Your answer should repeat every line of the records below in which the word "that" appears.

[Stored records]
********************

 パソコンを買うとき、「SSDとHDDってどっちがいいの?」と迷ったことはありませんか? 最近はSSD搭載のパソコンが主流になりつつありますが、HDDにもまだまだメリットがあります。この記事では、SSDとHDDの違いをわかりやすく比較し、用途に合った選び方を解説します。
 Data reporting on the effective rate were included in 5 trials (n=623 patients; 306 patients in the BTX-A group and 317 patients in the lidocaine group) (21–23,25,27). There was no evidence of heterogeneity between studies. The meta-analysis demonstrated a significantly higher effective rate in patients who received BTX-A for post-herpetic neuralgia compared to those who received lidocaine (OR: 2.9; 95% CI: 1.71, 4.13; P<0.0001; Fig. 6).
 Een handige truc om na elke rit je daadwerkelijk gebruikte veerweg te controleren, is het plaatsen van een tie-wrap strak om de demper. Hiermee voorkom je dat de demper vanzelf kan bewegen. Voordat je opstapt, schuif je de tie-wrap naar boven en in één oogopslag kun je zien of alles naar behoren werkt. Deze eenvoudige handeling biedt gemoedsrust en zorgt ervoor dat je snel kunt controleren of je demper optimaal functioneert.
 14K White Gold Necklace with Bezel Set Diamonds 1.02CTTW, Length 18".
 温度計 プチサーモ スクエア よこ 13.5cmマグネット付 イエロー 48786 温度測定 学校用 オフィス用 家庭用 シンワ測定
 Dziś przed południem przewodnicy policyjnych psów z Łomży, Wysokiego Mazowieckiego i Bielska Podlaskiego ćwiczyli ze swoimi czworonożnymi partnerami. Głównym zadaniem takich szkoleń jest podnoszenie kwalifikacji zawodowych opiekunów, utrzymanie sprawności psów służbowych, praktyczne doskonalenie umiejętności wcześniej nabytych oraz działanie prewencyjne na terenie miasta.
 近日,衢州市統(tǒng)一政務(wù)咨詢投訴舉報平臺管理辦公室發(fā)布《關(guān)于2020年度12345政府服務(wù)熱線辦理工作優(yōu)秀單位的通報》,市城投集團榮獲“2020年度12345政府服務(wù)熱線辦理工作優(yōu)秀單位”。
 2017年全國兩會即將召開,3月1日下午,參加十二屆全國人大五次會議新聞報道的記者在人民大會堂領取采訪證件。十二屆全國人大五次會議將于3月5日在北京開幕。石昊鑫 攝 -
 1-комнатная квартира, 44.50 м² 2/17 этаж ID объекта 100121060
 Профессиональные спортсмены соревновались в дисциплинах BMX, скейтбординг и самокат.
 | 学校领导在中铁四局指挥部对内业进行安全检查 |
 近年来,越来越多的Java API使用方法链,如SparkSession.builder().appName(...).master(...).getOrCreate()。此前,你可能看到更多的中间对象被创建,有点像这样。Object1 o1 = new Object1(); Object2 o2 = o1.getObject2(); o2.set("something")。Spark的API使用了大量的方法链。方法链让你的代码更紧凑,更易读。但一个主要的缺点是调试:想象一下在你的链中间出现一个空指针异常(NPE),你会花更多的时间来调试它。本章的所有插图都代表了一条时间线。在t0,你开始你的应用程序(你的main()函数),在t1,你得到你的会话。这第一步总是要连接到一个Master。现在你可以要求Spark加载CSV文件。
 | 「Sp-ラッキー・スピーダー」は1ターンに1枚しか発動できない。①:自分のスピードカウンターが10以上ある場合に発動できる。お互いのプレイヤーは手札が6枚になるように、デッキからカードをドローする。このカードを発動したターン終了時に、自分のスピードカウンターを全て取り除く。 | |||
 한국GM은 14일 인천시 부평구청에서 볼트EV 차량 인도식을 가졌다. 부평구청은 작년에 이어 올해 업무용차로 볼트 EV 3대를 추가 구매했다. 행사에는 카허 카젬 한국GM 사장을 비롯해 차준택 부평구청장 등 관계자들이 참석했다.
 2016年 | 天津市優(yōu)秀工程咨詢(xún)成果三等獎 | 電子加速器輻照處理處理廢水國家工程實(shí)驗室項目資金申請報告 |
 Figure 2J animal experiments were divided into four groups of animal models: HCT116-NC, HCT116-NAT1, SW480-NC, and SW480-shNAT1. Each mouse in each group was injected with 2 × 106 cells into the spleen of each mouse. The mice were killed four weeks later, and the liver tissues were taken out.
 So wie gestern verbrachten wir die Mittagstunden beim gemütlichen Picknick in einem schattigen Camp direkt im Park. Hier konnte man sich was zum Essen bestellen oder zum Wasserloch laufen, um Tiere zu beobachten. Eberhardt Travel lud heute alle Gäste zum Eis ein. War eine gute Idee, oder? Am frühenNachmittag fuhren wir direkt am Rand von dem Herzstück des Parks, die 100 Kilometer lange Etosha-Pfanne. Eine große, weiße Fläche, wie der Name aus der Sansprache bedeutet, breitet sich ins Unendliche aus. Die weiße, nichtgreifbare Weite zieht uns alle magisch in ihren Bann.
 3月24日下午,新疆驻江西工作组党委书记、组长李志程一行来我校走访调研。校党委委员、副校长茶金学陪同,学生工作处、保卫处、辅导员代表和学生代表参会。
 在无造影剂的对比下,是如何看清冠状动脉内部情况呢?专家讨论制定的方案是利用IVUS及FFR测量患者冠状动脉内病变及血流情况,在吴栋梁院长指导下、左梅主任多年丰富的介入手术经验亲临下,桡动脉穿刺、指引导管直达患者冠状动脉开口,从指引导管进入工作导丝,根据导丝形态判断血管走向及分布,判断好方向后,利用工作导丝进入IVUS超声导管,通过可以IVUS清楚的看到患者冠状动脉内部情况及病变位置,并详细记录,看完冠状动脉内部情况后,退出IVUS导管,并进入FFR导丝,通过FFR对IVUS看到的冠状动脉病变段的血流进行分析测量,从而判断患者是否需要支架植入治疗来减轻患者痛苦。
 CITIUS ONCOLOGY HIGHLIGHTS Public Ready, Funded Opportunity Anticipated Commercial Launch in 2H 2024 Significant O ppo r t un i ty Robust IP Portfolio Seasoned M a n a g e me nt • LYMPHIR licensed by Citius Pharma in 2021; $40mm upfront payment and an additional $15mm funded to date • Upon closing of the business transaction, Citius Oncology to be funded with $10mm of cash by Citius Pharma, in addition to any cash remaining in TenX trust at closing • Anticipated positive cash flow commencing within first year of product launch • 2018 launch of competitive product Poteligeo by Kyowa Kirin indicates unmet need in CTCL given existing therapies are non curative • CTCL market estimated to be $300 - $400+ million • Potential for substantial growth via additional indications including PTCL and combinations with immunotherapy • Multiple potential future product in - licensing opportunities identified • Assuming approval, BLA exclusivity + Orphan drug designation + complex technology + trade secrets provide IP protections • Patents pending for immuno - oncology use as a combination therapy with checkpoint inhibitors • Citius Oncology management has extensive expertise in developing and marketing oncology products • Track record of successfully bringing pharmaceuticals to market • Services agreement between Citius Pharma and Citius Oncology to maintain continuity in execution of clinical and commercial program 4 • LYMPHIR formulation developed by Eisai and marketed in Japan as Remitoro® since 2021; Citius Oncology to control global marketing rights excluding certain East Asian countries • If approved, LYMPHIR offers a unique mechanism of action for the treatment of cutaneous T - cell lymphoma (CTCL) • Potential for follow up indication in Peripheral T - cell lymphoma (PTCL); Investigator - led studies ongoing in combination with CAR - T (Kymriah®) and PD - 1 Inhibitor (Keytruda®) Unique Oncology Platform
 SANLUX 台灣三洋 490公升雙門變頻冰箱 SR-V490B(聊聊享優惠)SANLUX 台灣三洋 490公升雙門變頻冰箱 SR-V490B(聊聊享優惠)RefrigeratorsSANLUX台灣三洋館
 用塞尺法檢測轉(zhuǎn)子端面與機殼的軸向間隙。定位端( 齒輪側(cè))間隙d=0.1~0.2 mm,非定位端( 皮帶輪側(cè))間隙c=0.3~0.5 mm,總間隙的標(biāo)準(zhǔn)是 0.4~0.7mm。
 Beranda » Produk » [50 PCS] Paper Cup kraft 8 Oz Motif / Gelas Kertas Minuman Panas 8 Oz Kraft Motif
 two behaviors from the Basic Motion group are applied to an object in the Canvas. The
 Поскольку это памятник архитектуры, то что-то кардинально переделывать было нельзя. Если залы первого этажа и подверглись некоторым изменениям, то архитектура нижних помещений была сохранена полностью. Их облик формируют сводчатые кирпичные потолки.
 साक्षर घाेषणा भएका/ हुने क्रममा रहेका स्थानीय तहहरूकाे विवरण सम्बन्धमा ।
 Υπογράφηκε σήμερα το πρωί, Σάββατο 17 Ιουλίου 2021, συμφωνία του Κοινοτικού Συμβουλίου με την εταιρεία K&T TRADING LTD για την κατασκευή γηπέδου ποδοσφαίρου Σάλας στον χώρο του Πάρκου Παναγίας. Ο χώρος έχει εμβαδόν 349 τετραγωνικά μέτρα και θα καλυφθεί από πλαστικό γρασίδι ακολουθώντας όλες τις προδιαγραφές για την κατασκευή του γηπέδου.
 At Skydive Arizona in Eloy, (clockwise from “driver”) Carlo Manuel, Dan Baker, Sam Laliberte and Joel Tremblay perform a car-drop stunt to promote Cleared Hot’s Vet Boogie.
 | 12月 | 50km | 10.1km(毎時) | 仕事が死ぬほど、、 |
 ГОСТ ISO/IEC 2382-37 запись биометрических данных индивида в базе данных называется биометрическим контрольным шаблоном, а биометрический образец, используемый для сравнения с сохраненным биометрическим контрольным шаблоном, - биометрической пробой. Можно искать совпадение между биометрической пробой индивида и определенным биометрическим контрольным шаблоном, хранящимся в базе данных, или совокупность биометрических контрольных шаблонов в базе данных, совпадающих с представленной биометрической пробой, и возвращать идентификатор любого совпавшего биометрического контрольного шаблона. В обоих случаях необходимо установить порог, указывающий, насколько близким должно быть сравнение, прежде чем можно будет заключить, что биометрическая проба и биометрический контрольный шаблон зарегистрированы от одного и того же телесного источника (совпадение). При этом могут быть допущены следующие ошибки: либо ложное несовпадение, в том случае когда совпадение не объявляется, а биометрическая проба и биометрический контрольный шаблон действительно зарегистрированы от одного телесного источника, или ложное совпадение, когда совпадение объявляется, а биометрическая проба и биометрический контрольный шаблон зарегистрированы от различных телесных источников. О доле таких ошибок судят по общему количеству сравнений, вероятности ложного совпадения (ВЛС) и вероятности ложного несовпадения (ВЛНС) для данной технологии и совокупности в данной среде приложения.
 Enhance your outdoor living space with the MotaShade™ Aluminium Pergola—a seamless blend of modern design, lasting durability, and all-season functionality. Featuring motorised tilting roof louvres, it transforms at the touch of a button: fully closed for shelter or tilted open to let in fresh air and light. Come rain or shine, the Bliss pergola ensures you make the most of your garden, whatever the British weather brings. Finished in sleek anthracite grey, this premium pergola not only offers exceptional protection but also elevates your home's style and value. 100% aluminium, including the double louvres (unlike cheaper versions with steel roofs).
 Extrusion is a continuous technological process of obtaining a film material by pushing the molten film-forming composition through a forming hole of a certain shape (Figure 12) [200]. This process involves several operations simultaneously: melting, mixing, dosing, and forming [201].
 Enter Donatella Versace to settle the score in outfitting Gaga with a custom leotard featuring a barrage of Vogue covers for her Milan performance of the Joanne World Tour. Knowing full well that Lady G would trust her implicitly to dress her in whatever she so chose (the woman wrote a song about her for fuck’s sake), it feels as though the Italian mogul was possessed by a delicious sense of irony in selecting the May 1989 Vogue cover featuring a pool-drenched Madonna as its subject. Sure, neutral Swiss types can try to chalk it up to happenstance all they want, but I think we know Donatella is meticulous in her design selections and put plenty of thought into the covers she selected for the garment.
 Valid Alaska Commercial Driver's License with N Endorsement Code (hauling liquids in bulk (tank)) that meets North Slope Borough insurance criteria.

********************

RESPONSE AREA>
 Enter Donatella Versace to settle the score in outfitting Gaga with a custom leotard featuring a barrage of Vogue covers for her Milan performance of the Joanne World Tour. Knowing full well that Lady G would trust her implicitly to dress her in whatever she so chose (the woman wrote a song about her for fuck’s sake), it feels as though the Italian mogul was possessed by a delicious sense of irony in selecting the May 1989 Vogue cover featuring a pool-drenched Madonna as its subject. Sure, neutral Swiss types can try to chalk it up to happenstance all they want, but I think we know Donatella is meticulous in her design selections and put plenty of thought into the covers she selected for the garment.
 Valid Alaska Commercial Driver's License with N Endorsement Code (hauling liquids in bulk (tank)) that meets North Slope Borough insurance criteria.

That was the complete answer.